▶ _Problem_: Give all of the records again precisely, excluding whatever pictures they contain.

Source data
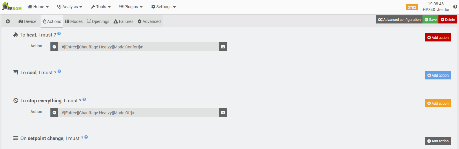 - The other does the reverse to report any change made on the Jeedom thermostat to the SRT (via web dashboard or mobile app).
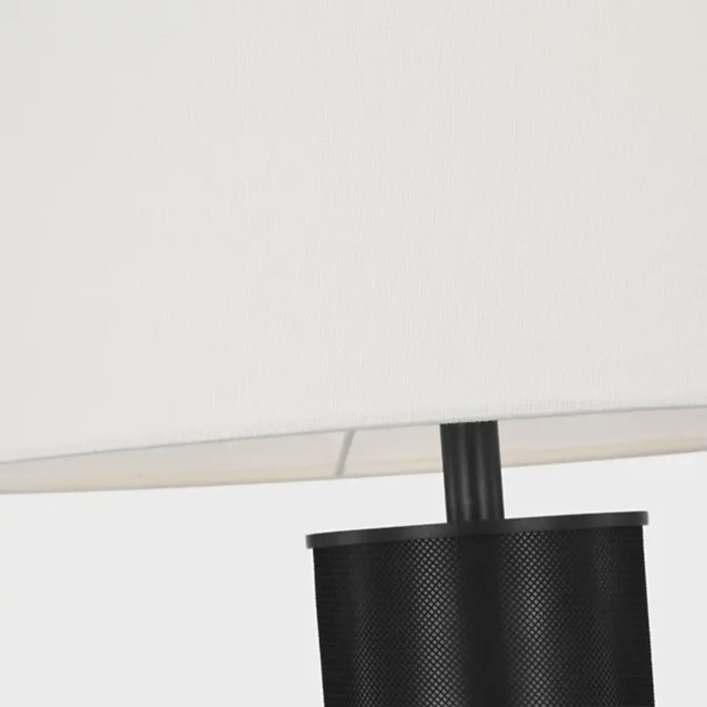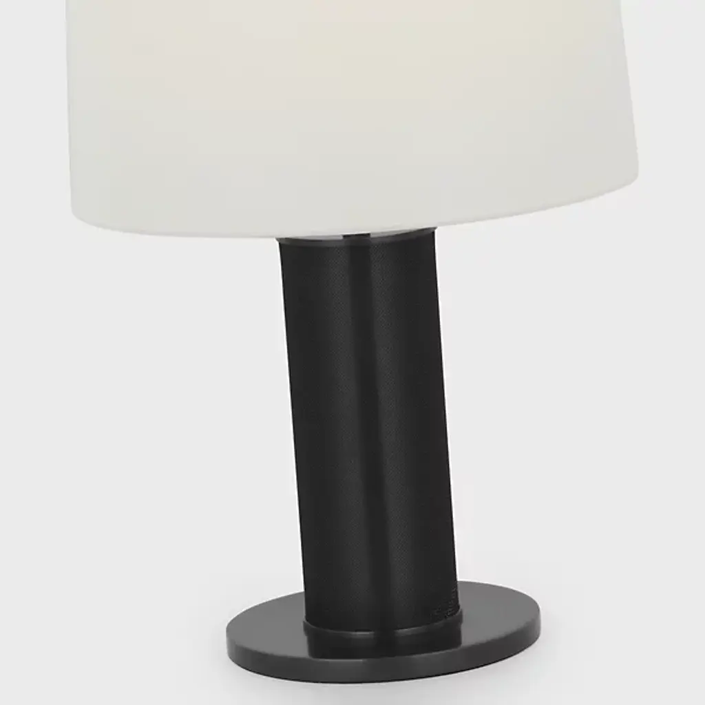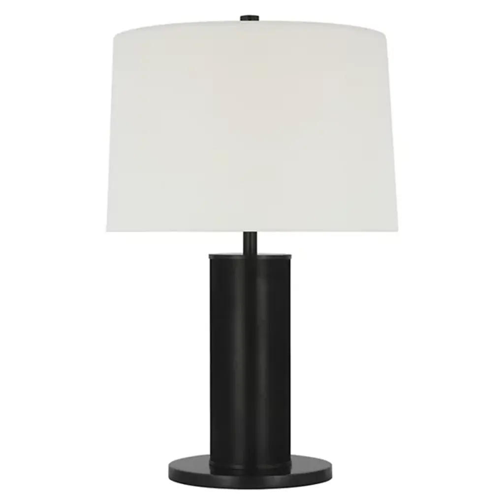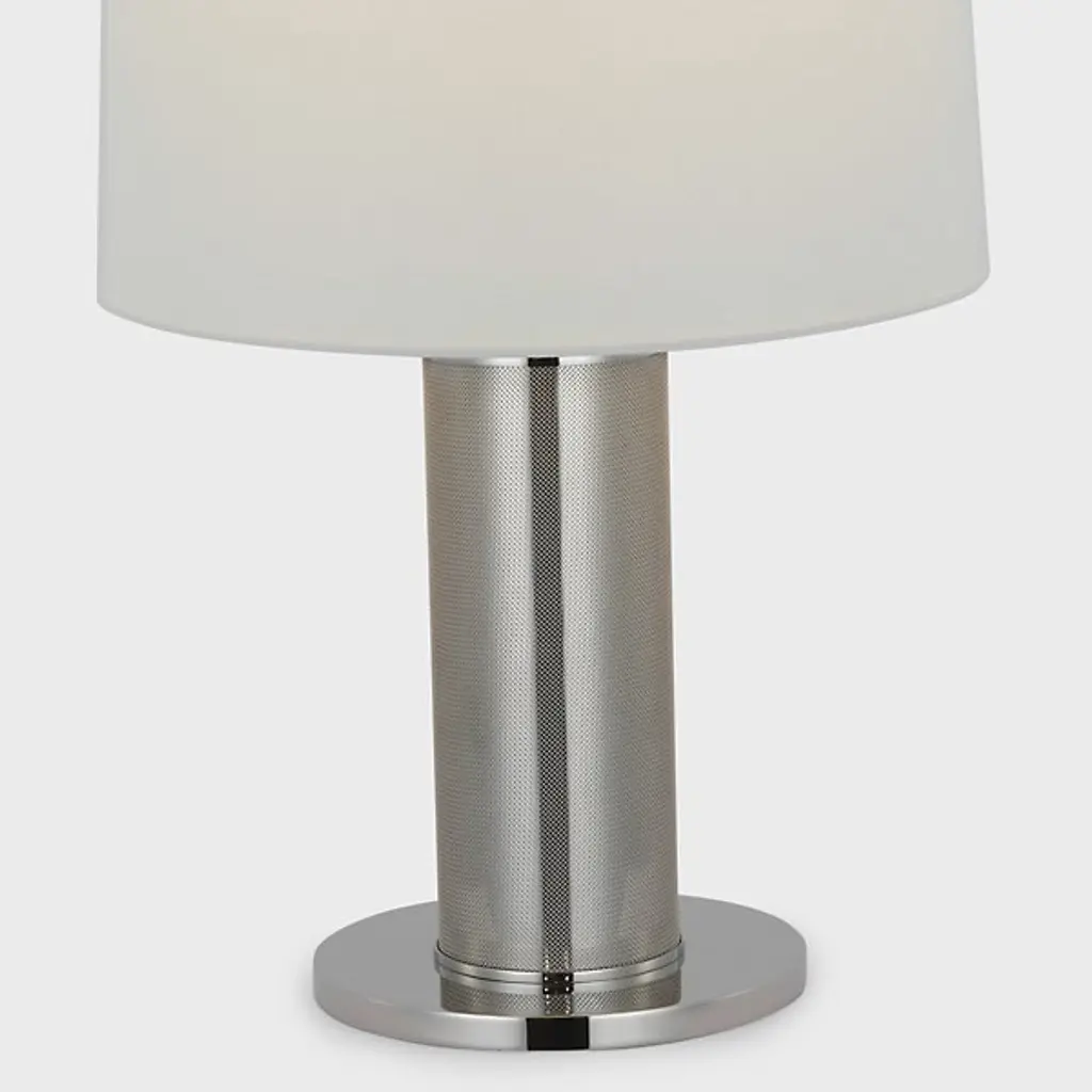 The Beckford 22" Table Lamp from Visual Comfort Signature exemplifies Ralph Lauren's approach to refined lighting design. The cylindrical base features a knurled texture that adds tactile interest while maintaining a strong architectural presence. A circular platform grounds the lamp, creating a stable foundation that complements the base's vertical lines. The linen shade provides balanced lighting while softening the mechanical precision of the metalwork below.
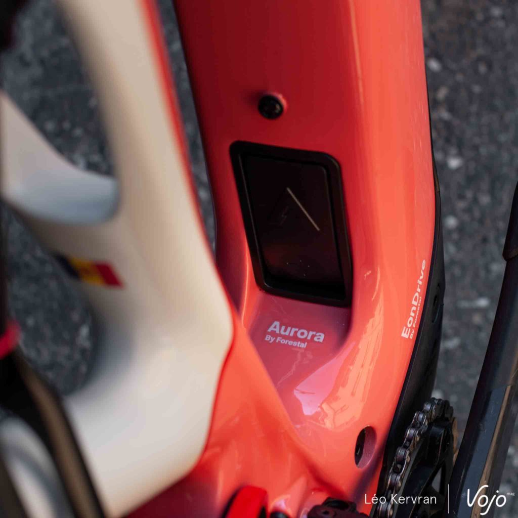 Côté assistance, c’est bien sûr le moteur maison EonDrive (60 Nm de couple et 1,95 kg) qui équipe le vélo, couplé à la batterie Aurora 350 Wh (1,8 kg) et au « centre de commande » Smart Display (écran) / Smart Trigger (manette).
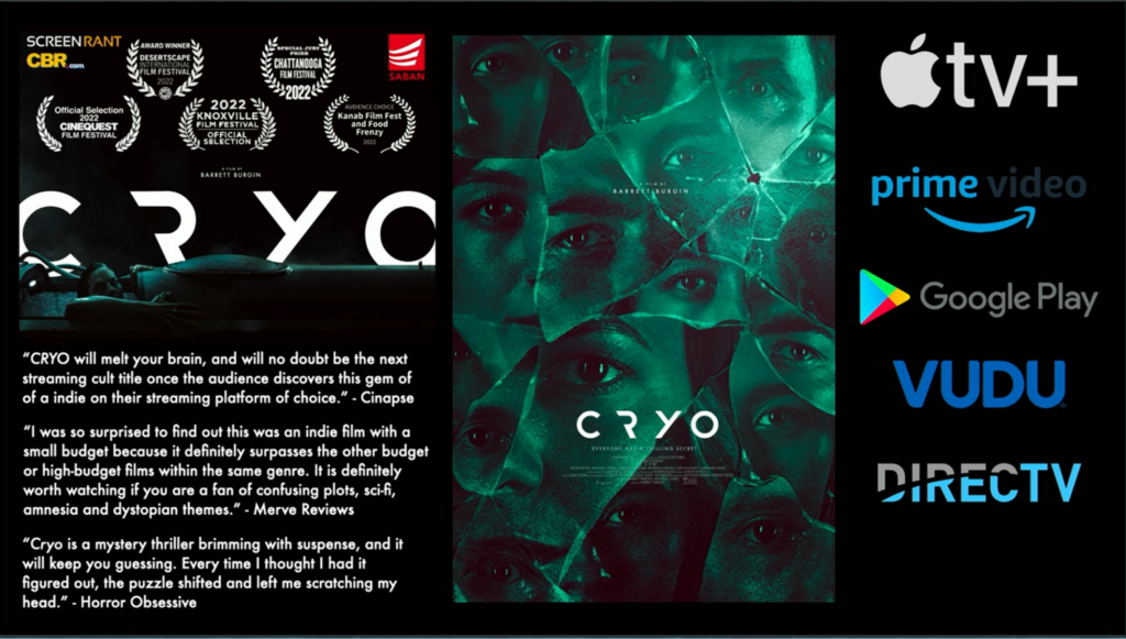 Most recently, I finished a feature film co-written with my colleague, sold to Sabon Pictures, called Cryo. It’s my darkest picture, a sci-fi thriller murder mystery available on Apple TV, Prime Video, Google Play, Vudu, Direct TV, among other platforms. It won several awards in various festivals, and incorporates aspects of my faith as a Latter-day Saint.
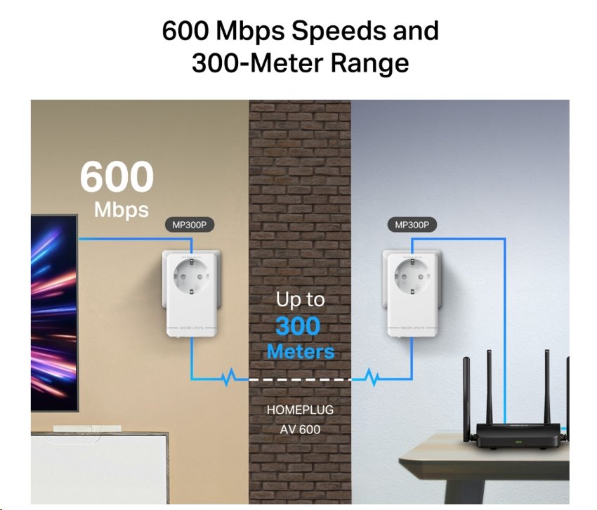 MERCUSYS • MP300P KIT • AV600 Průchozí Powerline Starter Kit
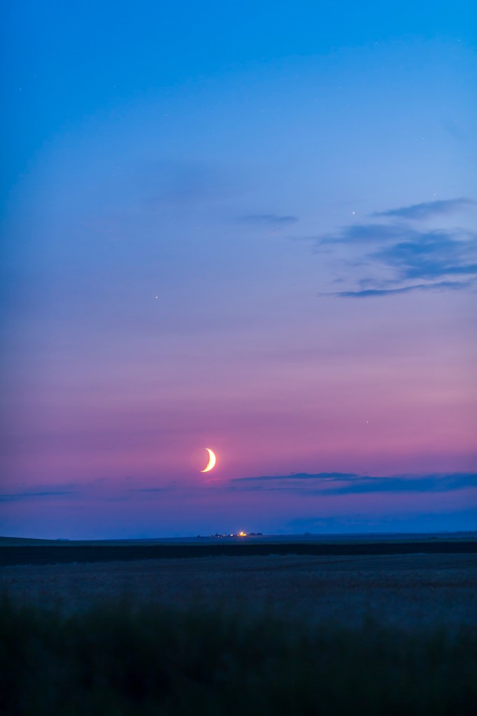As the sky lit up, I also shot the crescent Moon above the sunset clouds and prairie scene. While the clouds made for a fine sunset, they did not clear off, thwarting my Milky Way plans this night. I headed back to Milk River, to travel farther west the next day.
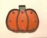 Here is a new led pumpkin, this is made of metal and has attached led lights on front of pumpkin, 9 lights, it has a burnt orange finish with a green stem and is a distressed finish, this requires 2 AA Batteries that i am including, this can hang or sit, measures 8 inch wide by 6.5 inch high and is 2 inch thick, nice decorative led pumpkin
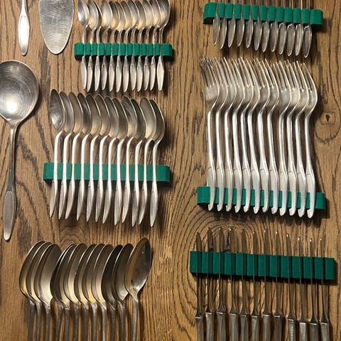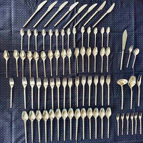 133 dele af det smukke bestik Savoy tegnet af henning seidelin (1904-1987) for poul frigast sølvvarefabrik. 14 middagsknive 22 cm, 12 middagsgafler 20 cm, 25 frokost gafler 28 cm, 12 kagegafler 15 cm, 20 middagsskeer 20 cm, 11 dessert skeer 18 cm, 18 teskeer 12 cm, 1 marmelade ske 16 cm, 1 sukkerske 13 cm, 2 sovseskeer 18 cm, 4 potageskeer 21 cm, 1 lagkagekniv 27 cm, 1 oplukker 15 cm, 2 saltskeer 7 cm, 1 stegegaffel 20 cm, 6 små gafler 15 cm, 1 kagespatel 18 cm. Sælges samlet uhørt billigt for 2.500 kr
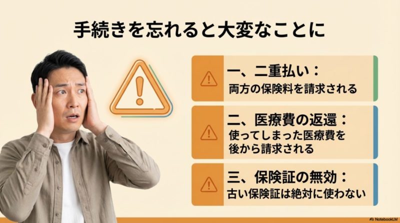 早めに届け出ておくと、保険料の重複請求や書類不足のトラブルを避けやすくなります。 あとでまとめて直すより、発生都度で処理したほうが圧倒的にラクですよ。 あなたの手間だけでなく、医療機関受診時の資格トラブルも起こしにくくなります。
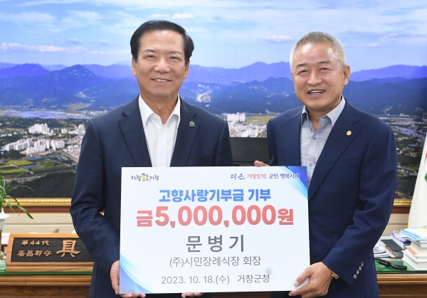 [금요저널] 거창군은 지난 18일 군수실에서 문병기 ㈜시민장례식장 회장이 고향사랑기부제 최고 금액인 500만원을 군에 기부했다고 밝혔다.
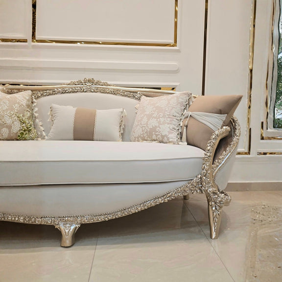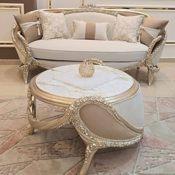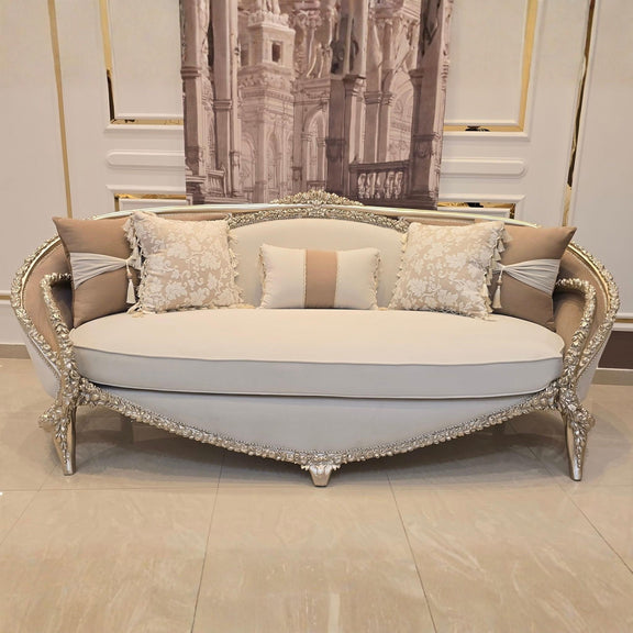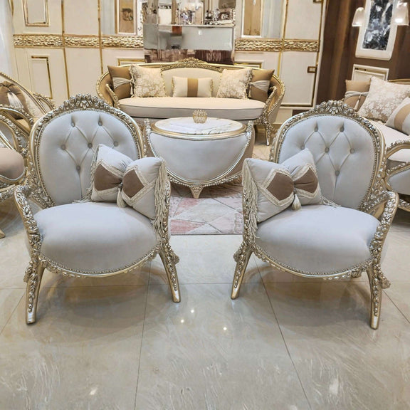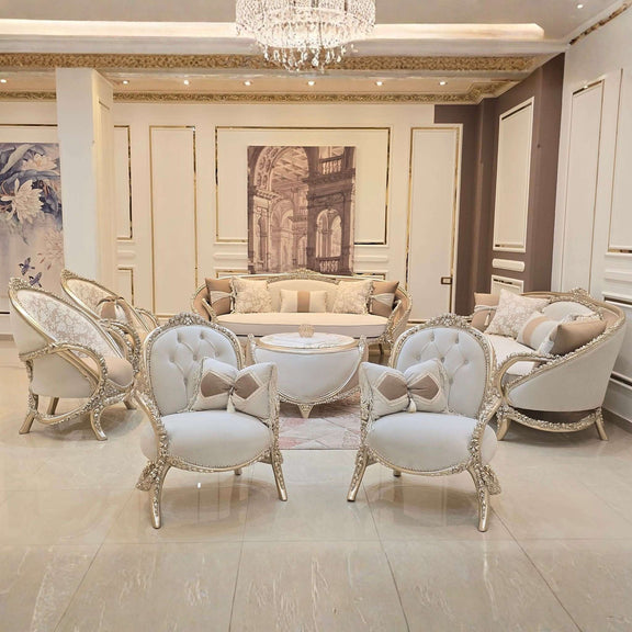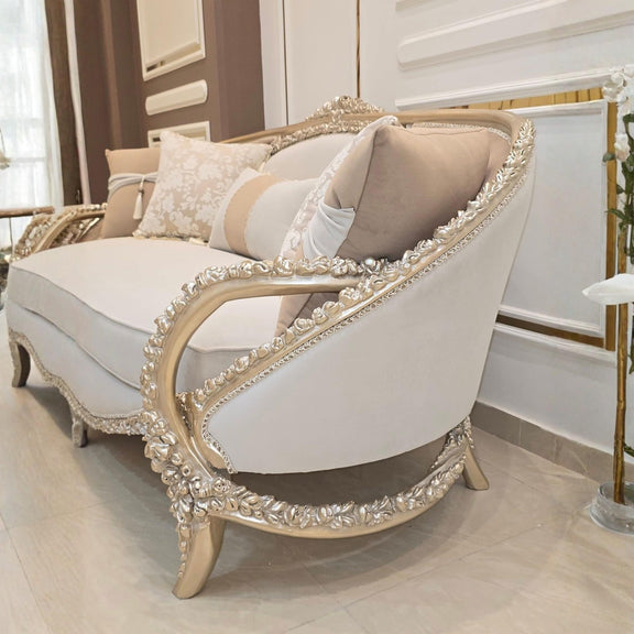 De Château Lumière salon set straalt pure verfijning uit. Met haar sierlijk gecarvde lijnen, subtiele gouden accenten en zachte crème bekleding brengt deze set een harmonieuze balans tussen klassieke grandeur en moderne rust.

▶ _Solution below_:
 - The other does the reverse to report any change made on the Jeedom thermostat to the SRT (via web dashboard or mobile app).
 The Beckford 22" Table Lamp from Visual Comfort Signature exemplifies Ralph Lauren's approach to refined lighting design. The cylindrical base features a knurled texture that adds tactile interest while maintaining a strong architectural presence. A circular platform grounds the lamp, creating a stable foundation that complements the base's vertical lines. The linen shade provides balanced lighting while softening the mechanical precision of the metalwork below.
 Côté assistance, c’est bien sûr le moteur maison EonDrive (60 Nm de couple et 1,95 kg) qui équipe le vélo, couplé à la batterie Aurora 350 Wh (1,8 kg) et au « centre de commande » Smart Display (écran) / Smart Trigger (manette).
 Most recently, I finished a feature film co-written with my colleague, sold to Sabon Pictures, called Cryo. It’s my darkest picture, a sci-fi thriller murder mystery available on Apple TV, Prime Video, Google Play, Vudu, Direct TV, among other platforms. It won several awards in various festivals, and incorporates aspects of my faith as a Latter-day Saint.
 MERCUSYS • MP300P KIT • AV600 Průchozí Powerline Starter Kit
As the sky lit up, I also shot the crescent Moon above the sunset clouds and prairie scene. While the clouds made for a fine sunset, they did not clear off, thwarting my Milky Way plans this night. I headed back to Milk River, to travel farther west the next day.
 Here is a new led pumpkin, this is made of metal and has attached led lights on front of pumpkin, 9 lights, it has a burnt orange finish with a green stem and is a distressed finish, this requires 2 AA Batteries that i am including, this can hang or sit, measures 8 inch wide by 6.5 inch high and is 2 inch thick, nice decorative led pumpkin
 133 dele af det smukke bestik Savoy tegnet af henning seidelin (1904-1987) for poul frigast sølvvarefabrik. 14 middagsknive 22 cm, 12 middagsgafler 20 cm, 25 frokost gafler 28 cm, 12 kagegafler 15 cm, 20 middagsskeer 20 cm, 11 dessert skeer 18 cm, 18 teskeer 12 cm, 1 marmelade ske 16 cm, 1 sukkerske 13 cm, 2 sovseskeer 18 cm, 4 potageskeer 21 cm, 1 lagkagekniv 27 cm, 1 oplukker 15 cm, 2 saltskeer 7 cm, 1 stegegaffel 20 cm, 6 små gafler 15 cm, 1 kagespatel 18 cm. Sælges samlet uhørt billigt for 2.500 kr
 早めに届け出ておくと、保険料の重複請求や書類不足のトラブルを避けやすくなります。 あとでまとめて直すより、発生都度で処理したほうが圧倒的にラクですよ。 あなたの手間だけでなく、医療機関受診時の資格トラブルも起こしにくくなります。
 [금요저널] 거창군은 지난 18일 군수실에서 문병기 ㈜시민장례식장 회장이 고향사랑기부제 최고 금액인 500만원을 군에 기부했다고 밝혔다.
 De Château Lumière salon set straalt pure verfijning uit. Met haar sierlijk gecarvde lijnen, subtiele gouden accenten en zachte crème bekleding brengt deze set een harmonieuze balans tussen klassieke grandeur en moderne rust.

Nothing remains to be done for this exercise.